Descriptions, Reviews, Etc.
Publisher Description:
The Fate of Difficulty in the Poetry of Our Time offers original readings of poems composed in this century--poems that are challenging to follow, challenging to understand, challenging to discuss, and challenging to enjoy. Difficult poetry of the past relied on allusion, syntactic complexity, free association, and strange juxtapositions. The new poetry breaks with the old in its stunning variety; its questioning of inherited values, labels, and narratives; its multilingualism; its origin in and production of unnamed affects; and its coherence around critical and social theorists as much as other poets.

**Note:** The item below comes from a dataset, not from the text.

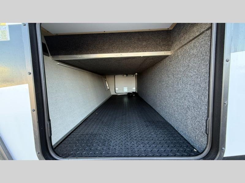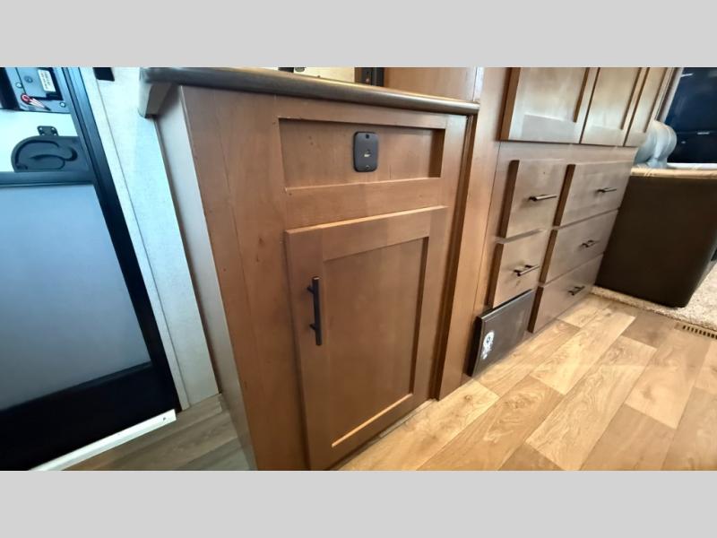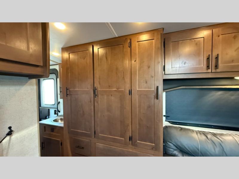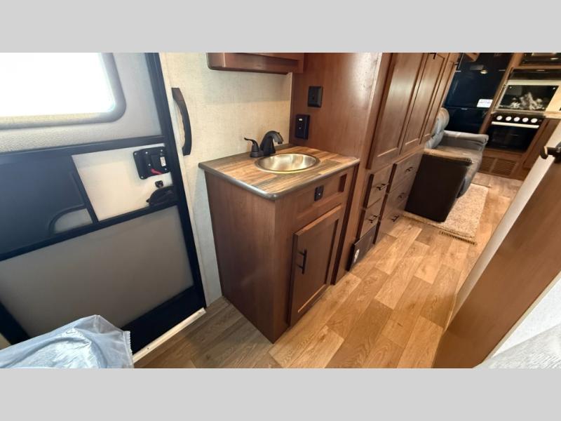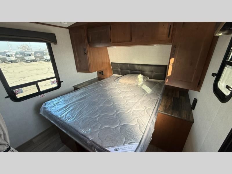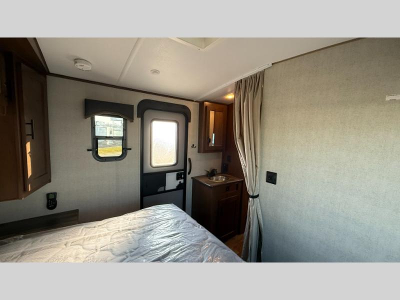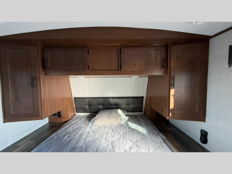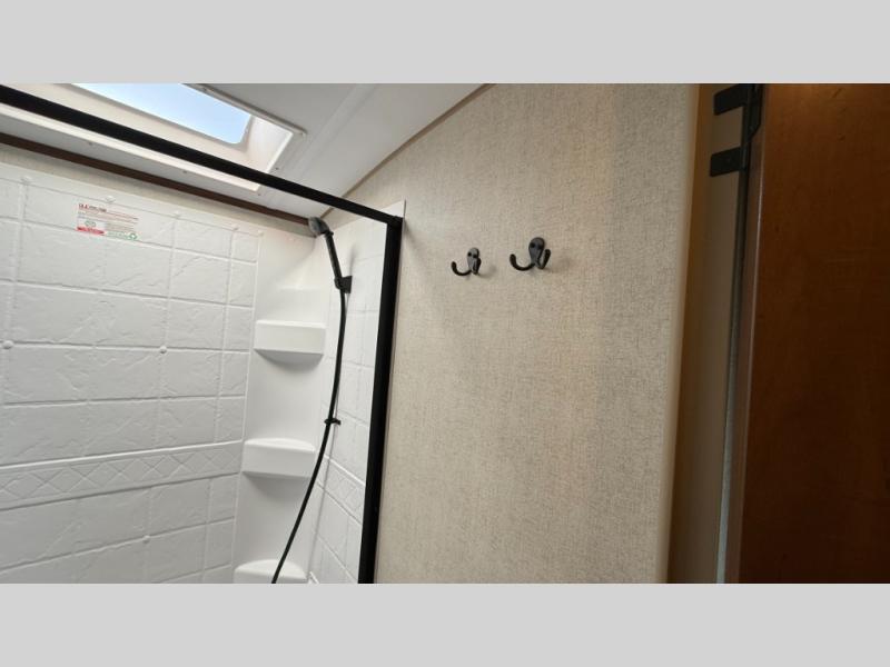 Dual entry doors in this travel trailer will allow you to enter in through the rear kitchen, or in the front bedroom for convenience. You will love having a queen bed to sleep on and dual bedroom wardrobes to keep your clothes wrinkle-free. Get cleaned up in the full bath that includes a shower skylight, then head to the rear kitchen to prepare breakfast on the three burner cooktop. Your crew can sit at the mountain dinette slide or relax on the sleeper sofa before heading out for the day. This model also includes a large wardrobe with drawers and a pantry for tons of storage space.

The essays in this volume include poets writing on the works of a younger generation (Lyn Hejinian on Paolo Javier, Bob Perelman on Rachel Zolf, Roberto Tejada on Rosa Alcal ), influential writers addressing the work of peers (Ben Lerner on Maggie Nelson, Michael W. Clune on Aaron Kunin), critics making imaginative leaps to encompass challenging work (Brian M. Reed on Sherwin Bitsui, Siobhan Philips on Juliana Spahr), and younger scholars coming to terms with poets who continue to govern new poetic experimentation (Joseph Jeon on Myung Mi Kim, Lytle Shaw on Lisa Robertson).

In pairings that are both intuitive (Marjorie Perloff on Craig Dworkin) and unexpected (Langdon Hammer on Srikanth Reddy), The Fate of Difficulty in the Poetry of Our Time illuminates the myriad pathways and strategies for exploring difficult poetry of the present.